Start of Data for processing

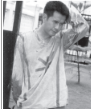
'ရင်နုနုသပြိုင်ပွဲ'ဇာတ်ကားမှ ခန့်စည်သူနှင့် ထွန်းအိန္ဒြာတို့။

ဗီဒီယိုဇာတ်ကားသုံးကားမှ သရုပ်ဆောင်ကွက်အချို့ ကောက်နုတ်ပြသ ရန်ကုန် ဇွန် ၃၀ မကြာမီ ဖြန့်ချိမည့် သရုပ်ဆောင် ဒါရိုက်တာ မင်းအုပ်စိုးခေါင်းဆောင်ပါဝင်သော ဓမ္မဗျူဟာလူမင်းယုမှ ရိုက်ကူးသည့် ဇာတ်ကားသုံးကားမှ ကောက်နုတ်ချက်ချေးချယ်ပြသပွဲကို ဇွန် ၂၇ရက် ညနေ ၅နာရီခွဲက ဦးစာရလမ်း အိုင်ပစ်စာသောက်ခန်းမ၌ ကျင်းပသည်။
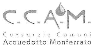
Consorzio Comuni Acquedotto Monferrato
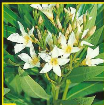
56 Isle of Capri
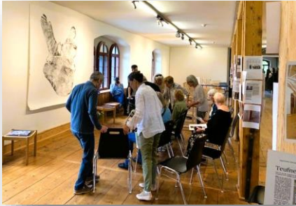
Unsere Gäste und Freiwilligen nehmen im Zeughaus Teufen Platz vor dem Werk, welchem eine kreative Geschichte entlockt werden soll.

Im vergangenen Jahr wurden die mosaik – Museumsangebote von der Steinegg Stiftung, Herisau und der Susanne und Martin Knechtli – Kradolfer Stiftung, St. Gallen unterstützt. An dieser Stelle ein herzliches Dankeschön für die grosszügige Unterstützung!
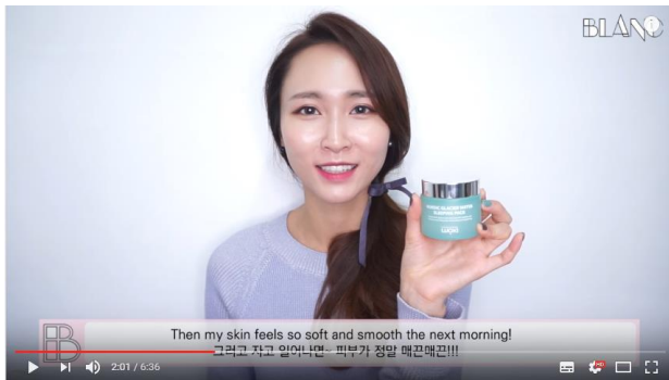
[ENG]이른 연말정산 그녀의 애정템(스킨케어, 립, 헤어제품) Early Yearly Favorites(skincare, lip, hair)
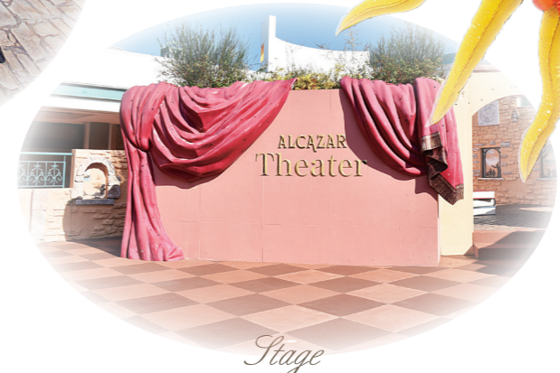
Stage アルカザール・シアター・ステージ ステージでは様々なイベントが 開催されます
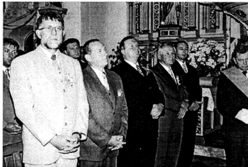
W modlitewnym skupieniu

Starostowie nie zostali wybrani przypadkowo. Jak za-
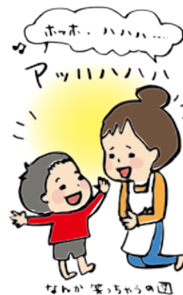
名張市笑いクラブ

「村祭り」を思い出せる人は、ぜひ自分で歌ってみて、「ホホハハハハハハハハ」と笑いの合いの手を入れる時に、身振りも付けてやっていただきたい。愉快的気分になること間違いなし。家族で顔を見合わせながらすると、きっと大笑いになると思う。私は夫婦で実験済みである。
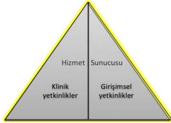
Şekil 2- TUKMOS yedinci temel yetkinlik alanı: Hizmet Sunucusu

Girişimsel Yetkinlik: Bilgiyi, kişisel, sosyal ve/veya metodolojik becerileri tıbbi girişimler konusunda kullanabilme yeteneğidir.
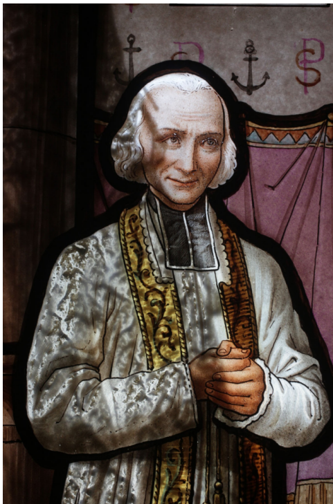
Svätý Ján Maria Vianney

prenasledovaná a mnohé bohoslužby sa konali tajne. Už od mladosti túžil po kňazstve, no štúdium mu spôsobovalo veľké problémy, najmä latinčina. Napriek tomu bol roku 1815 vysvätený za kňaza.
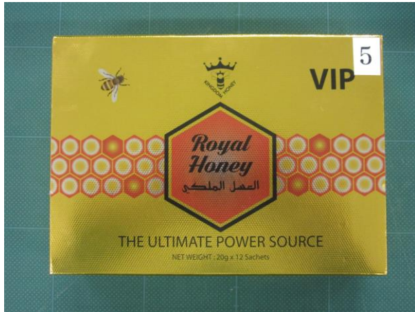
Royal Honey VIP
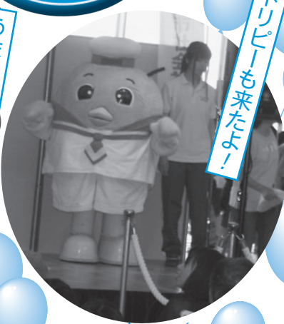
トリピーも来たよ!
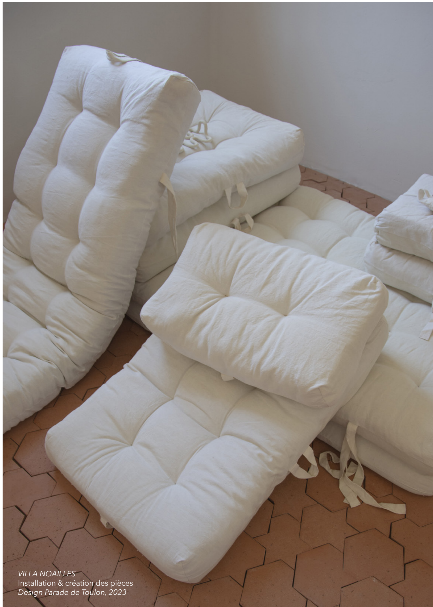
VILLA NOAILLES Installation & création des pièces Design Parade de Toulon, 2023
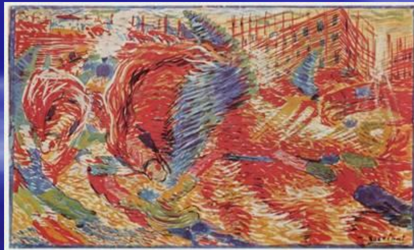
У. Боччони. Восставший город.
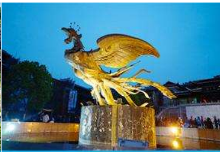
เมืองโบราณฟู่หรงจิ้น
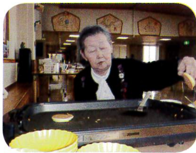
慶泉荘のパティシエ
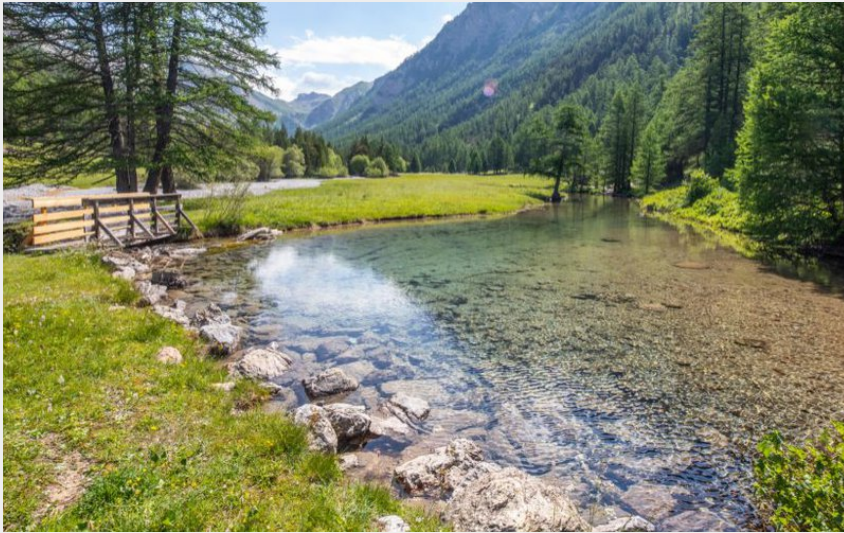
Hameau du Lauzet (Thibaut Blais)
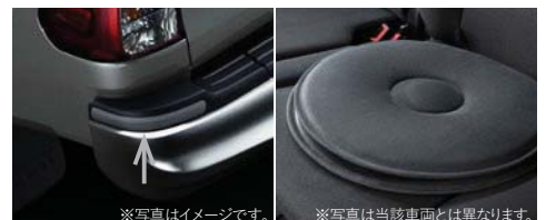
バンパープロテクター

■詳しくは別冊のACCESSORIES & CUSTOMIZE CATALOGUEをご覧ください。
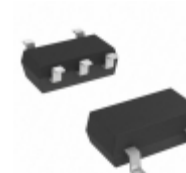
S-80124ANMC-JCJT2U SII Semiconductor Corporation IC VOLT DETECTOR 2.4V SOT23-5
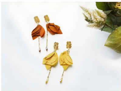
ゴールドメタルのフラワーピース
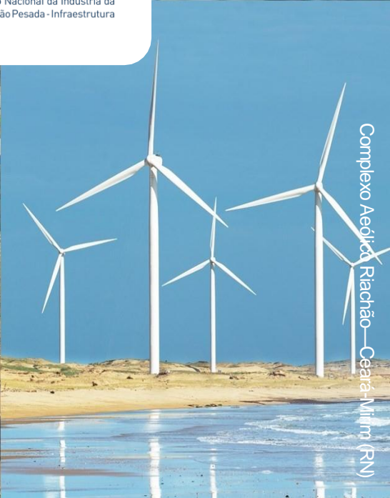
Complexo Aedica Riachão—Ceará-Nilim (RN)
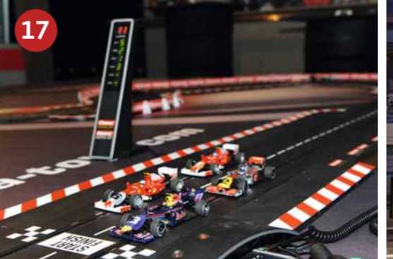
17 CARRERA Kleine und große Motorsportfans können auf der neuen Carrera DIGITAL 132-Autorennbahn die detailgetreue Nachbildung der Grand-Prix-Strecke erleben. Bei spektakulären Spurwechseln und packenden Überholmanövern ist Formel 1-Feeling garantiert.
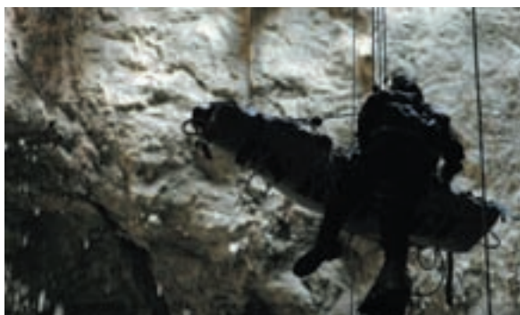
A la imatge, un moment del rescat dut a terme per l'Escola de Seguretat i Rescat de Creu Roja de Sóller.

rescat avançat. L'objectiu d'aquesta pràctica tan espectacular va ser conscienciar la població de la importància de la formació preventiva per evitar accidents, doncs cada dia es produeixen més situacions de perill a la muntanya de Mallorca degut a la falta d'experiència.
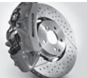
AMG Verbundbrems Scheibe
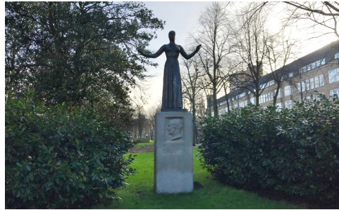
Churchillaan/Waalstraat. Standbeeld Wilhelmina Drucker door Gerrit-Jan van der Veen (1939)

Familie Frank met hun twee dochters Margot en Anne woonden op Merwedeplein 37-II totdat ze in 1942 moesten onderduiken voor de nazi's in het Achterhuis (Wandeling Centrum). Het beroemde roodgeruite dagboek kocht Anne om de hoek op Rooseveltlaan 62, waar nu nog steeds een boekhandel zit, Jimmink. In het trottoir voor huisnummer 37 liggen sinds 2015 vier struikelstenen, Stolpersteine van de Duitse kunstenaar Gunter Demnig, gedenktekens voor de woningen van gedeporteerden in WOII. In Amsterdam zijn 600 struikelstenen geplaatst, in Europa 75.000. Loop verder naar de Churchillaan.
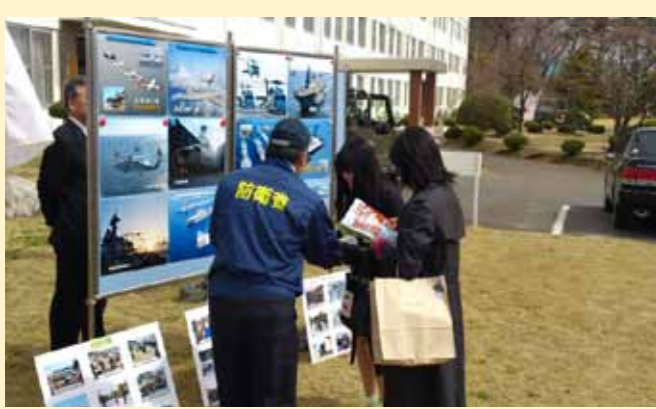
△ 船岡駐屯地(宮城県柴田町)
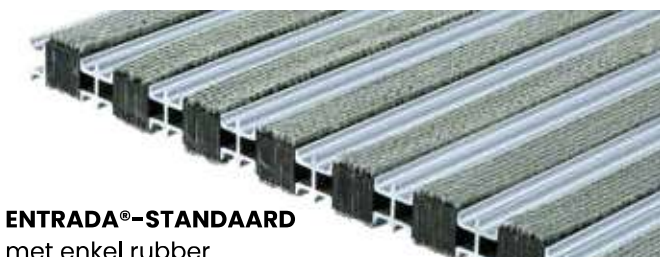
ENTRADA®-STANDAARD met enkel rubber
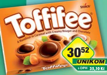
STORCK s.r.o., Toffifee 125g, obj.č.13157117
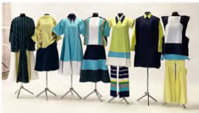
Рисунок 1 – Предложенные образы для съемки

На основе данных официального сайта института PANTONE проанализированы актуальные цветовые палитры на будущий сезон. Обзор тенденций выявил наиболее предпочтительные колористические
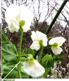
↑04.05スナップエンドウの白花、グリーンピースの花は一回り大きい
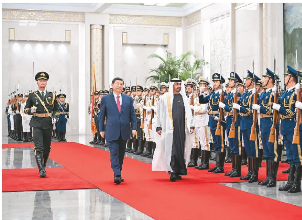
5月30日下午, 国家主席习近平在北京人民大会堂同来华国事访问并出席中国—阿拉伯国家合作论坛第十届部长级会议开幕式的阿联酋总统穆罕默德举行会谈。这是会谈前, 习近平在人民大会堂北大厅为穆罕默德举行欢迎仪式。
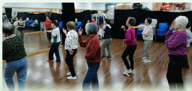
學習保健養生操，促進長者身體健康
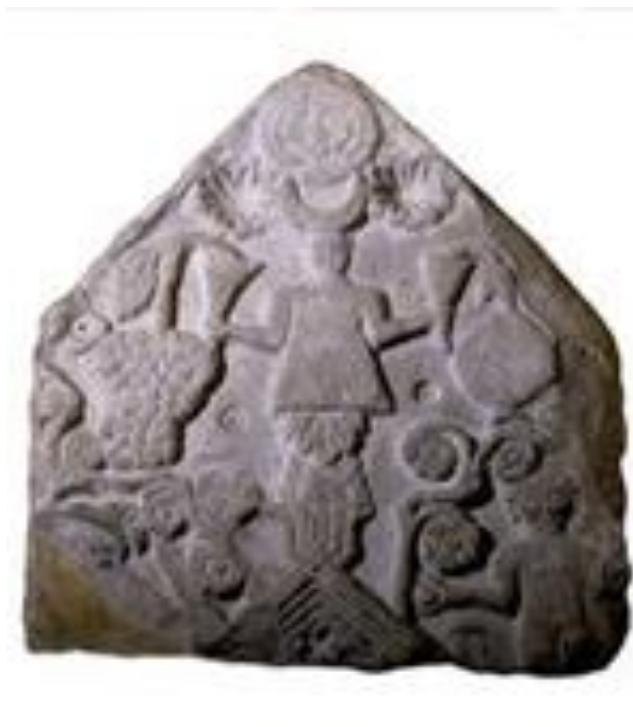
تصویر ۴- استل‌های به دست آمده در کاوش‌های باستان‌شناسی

End of Data for processing

§ **Problem requirements**
Provide only the number of lines in the listing above that contain "rescat".

§ **Exercise answer**
2